Just as fanservice in anime favors enormous breasts over female intelligence and character arcs, A.I. art demeans womanhood by reifying the same sexist ideals permeating the digital world in video games, social media, and T.V. Women exist only for pleasure, and A.I. art perpetuates this idea — now, at a much, much wider scale.
It is vital here to emphasize how such technologies are not created in a vacuum. It is people who create the algorithms A.I. art is based on. It is people who choose the thousands of images that refine the algorithm and help it “learn” a particular aesthetic. And it is people who engage in art thievery, who create unrecognizable visions of the “perfect” woman, and who use these digital tools to reify sexism instead of finding avenues for empowerment. Yes, there is an endless list of programmers, designers, and consumers who may continue to degrade the creative space if nothing changes.

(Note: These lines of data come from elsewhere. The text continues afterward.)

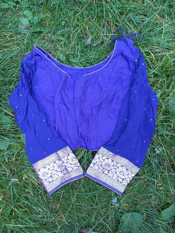 Чолі синьо фіолетового кольору, гарно закриває спинку, рукава шифонові, є запаси по бокам і в рукавах. ПОГ 49 см, знизу ПО 40 см, ловжмна 39 см, рукав 52 см. Дивіться схожі мої обяви.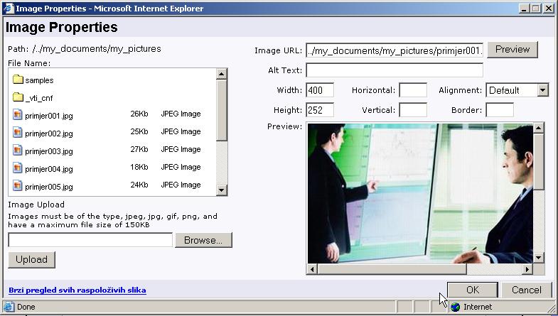 strani prozora vidite već uploadane slike na Vaš hosting.
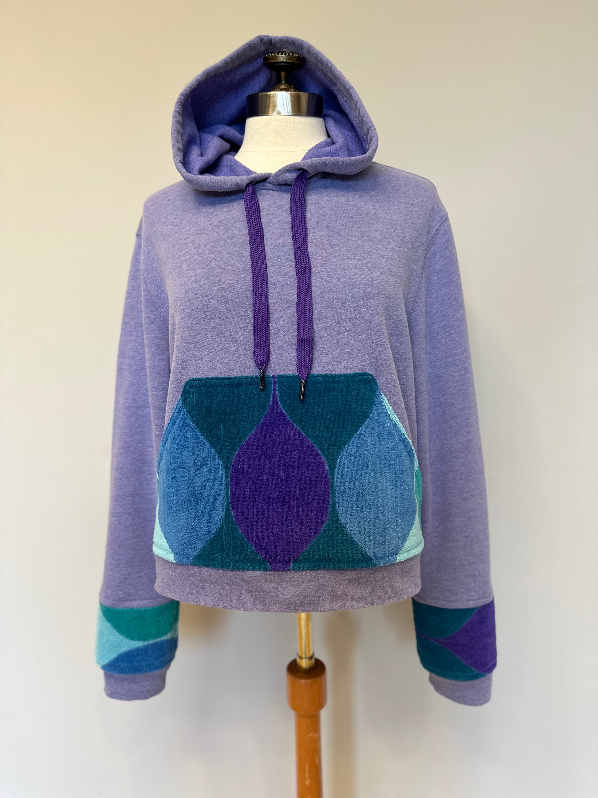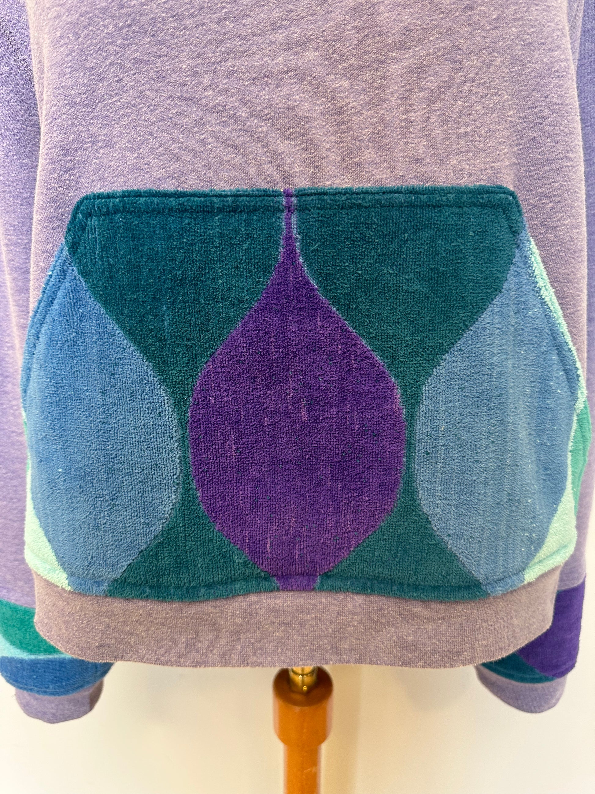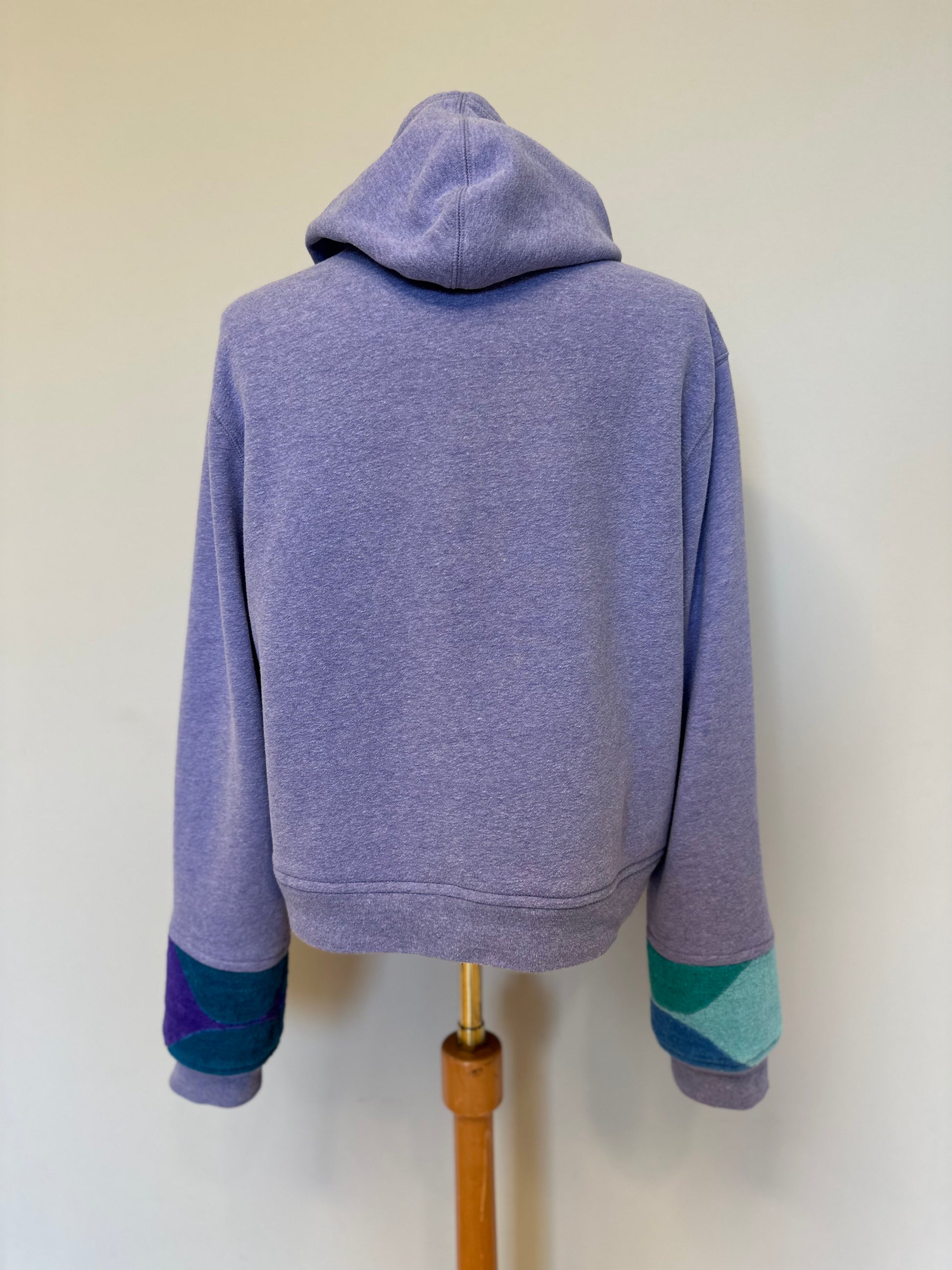 Lightweight and soft, this hoodie is a beautiful shade of light purple - perfectly worn in and comfortable with a relaxed fit. Pocket and sleeve detail was constructed out of vintage towels, in a retro pattern with a gorgeous color mix. Pocket and sleeves are lined with a butterfly print, equally colorful and completes this beauty.

This is not to say that misogyny and art have not been in- tertwined for some time, well before the advent of A.I. technologies. Great artists like Georgia O’keeffe and Lauren Greenfield had to fight for their place in the male dominated world of artistry, thus amplifying female voices over sexist ideations. This is also not to say that such individuals will fall out of favor with the public and will lose their ability to influence others with their works. However, with A.I. art — through its blending of works and its perpetuation of sexism — significant, feminist pieces may get lost in the background in the search for the feminine “ideal”. Audiences may turn their eyes to instant gratification, like the overexaggerated female form, rather than human-driven art.
Since it is people who are producing such ethical conundrums in need of analysis, it must be the same people who paint a brighter picture of the future. After all, it doesn’t seem that A.I. art is going anywhere anytime soon. A.I. advocates must listen closely to the struggles of current creatives, so the market may be habitable for both parties. They must introduce some restrictions on the kind of pieces that can be produced, or at least take a firm stance against exploitative, misogynistic art.
The path ahead looks bleak. Artists are still vying to be heard by the general public and the image generators taking advantage of their hard work. Regardless of what the outcome may be, it is imperative that A.I. artists keep real creators in mind when trying to make A.I. art mainstream. After all, art is nothing without the hard work of people expressing themselves and helping others do the same.